KHARTOUM/BRUSSELS – An MSF team working alongside Sudanese staff and volunteers in one hospital in south Khartoum has treated 240 trauma patients in just over a week. Many of them have suffered gunshot wounds or injuries resulting from explosions, consistent with ongoing airstrikes and shelling in the built-up areas of the capital.
Since intense fighting broke out in the Sudanese capital Khartoum on 15 April 2023, and spread rapidly to other parts of the country, hospitals and health facilities have struggled to keep operating. Some have been badly damaged. Others are facing staff shortages after people fled or struggled to move around the city. The Bashair Teaching Hospital in south Khartoum was forced to close completely for a time.
“Doctors and nurses but also young people from the community made a decision to try to restart this hospital after it has closed and staff had left for their own safety. When the surgical team reached south Khartoum, we found a hospital where people are really working as hard as they can and taking risks. We’ve joined them hand-in-hand to try to bring healthcare and life-saving surgical care to the people in this area,” said Will Harper, MSF Emergency Coordinator.
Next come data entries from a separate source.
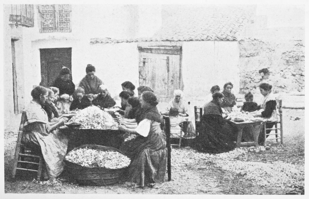 Burial often takes place without the offices of the Church, for there are few among the working classes who can afford to pay for a funeral Mass, and very many are unaware that they can insist upon the attendance of a priest even without a fee. And since the charge for a marriage in church amounts in many parishes to as much as 25 pesetas—the average weekly wage of the agricultural labourer certainly not exceeding half that sum—it is only to be expected that the civil ceremony, which costs one peseta, or the stolen “blessing” snatched from an unwilling priest by the pair proclaiming themselves man and wife at the close of any Mass, should be more frequently resorted to than the orthodox function. Many couples, moreover, live all their lives as husband and wife, as faithfully as if married by the Church or the mayor, without any religious or legal tie at all.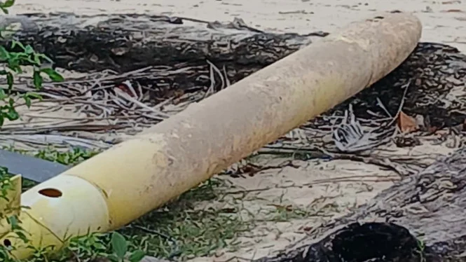 Publikasiterkini° Sumenep _ Warga pesisir Dusun Aenglombi, Desa Torjek, Kecamatan Kangayan, Pulau Kangean, dihebohkan dengan penemuan sebuah benda misterius yang diduga menyerupai torpedo atau proyektil aktif pada Senin (20/4/2026). Guna menghindari risiko ledakan, Kepolisian Resor (Polres) Sumenep telah mendatangkan tim ahli dari Gegana Brimob Polda Jawa Timur.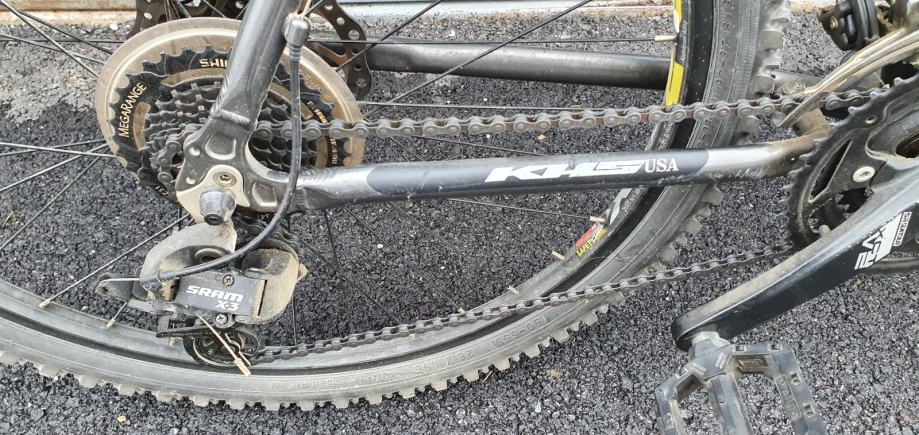 KHS je američki bicikl. Oprema SRAM (mjenjači i zadnja mašinica), Shimano srednja mašinica, 21 brzina (prva brzina dodatno olakšana za teže uzbrdice), disc kočnice sa shimano diskovima, aluminijska rama, SR Suntoure prednja vilica. Servisiran prije 6 mjeseci.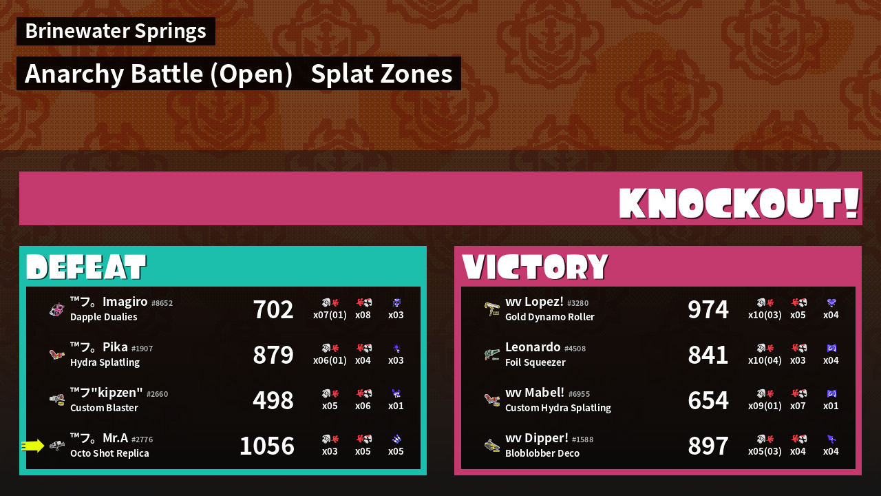 | Mode | Splat Zones - Anarchy Battle (Open) | ||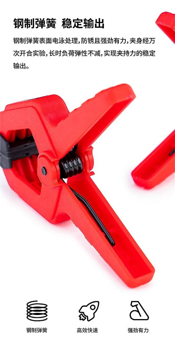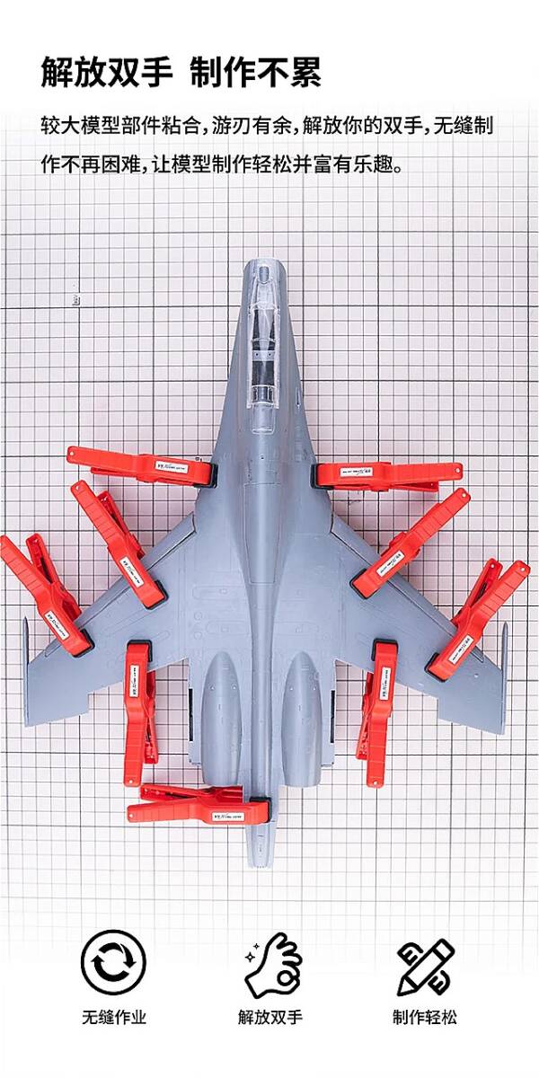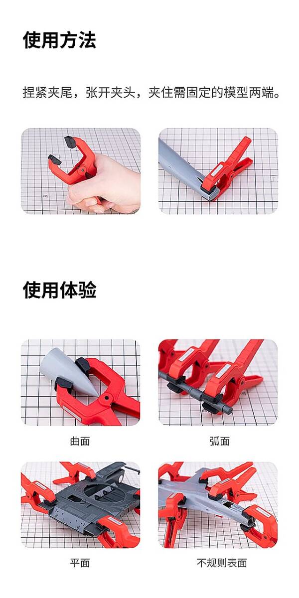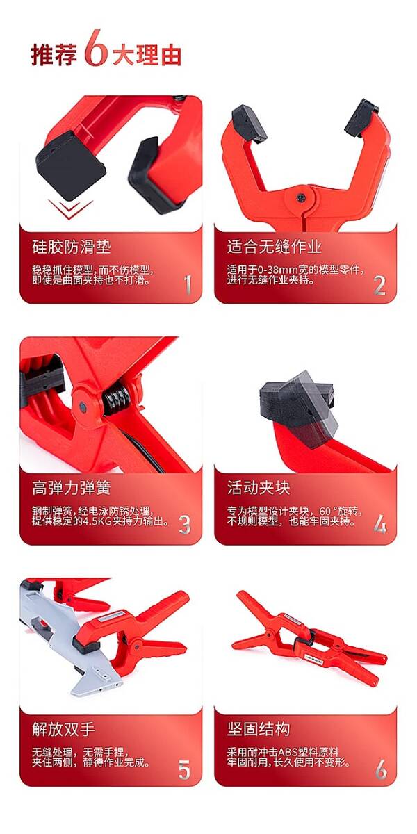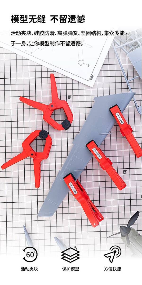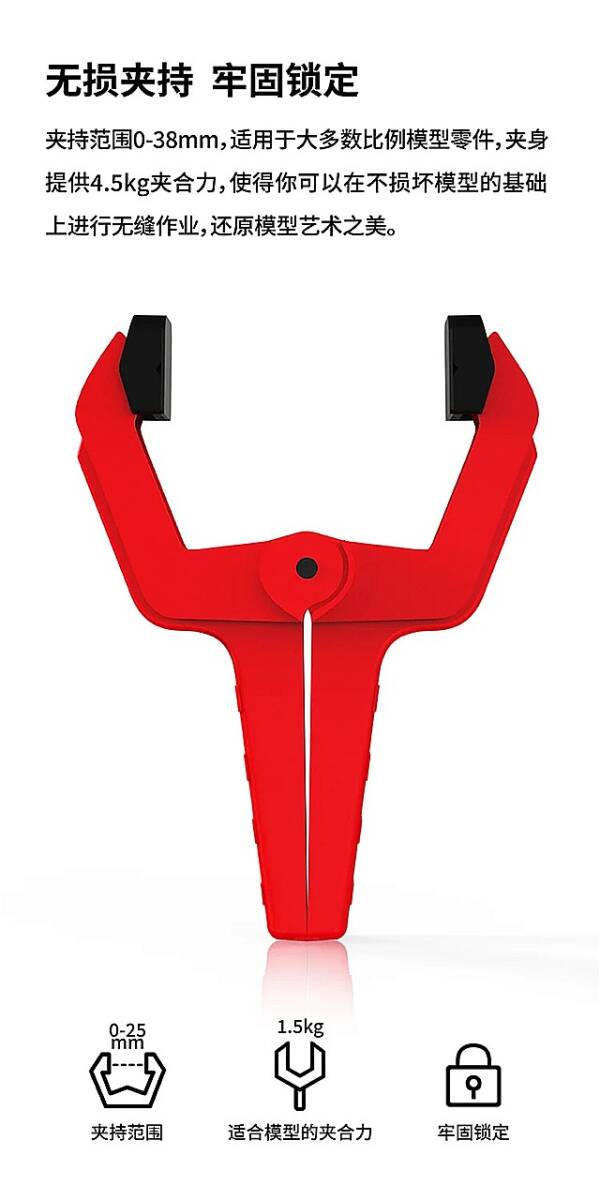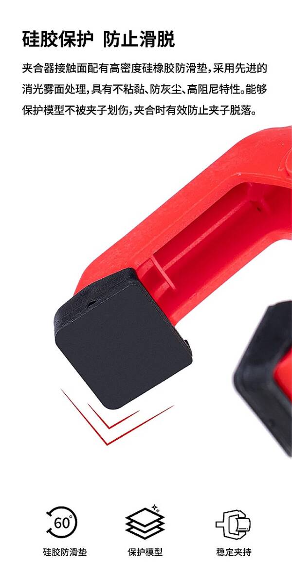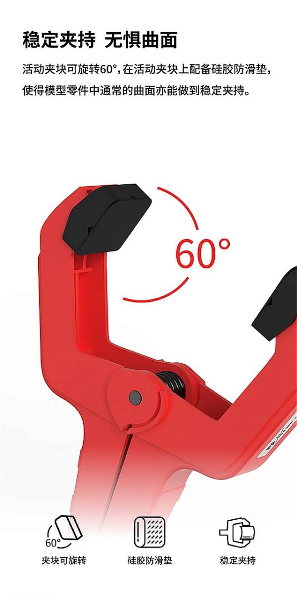 模型製作用に最適なクランプです。洗濯バサミに似た形状ながら、上下垂直に近い方向から圧迫するため、円形のパーツも弾くことなくしっかり挟みます。また、パーツとの接触部分はシリコンでカバーされ60°まで可動し、滑り防止・キズ付け防止となっています。

Since the MSF team started working in the hospital on 9 May, more than 240 surgical procedures have been performed, among them around four major procedures a day. Complex and critical cases make up a significant proportion.
“We have seen multiple patients with gunshot wounds and stab wounds who are highly critical and would not survive without surgery,” said MSF Surgeon Shahzid Majeed. “These injuries were to the chest, to the abdomen, to the liver, to the spleen, to the kidney, to the intestine. We’ve also performed vascular reconstructive surgery here, without which the patient would have died or would have lost a limb.”
Making sure that the surgical team and other medical professionals have the right supplies to keep providing life-saving medical care is difficult. MSF and other organisations have been donating medical supplies to hospitals in Khartoum and other areas from stocks already in the country. But delays getting supplies into Sudan and to the areas where they are most needed – both logistical and administrative – are a serious challenge. Fuel to run generators is a major concern, as electricity supply is intermittent at best.
With no end in sight to the conflict, more supplies and more medical staff need to reach areas the areas of greatest need to ensure that people living through and injured as a result of the violence have access to life-saving medical care.
The surgical activities in Khartoum are one of several projects MSF is currently running in Khartoum, North Darfur, West Darfur, Central Darfur, Al-Jazeera, Blue Nile, Al-Gedaref states, including running and supporting hospitals and clinics, running mobile clinics, providing non-food items, and doing water and sanitation activities. MSF is committed to remaining in Sudan and continuing to provide medical and humanitarian assistance to people affected by this crisis.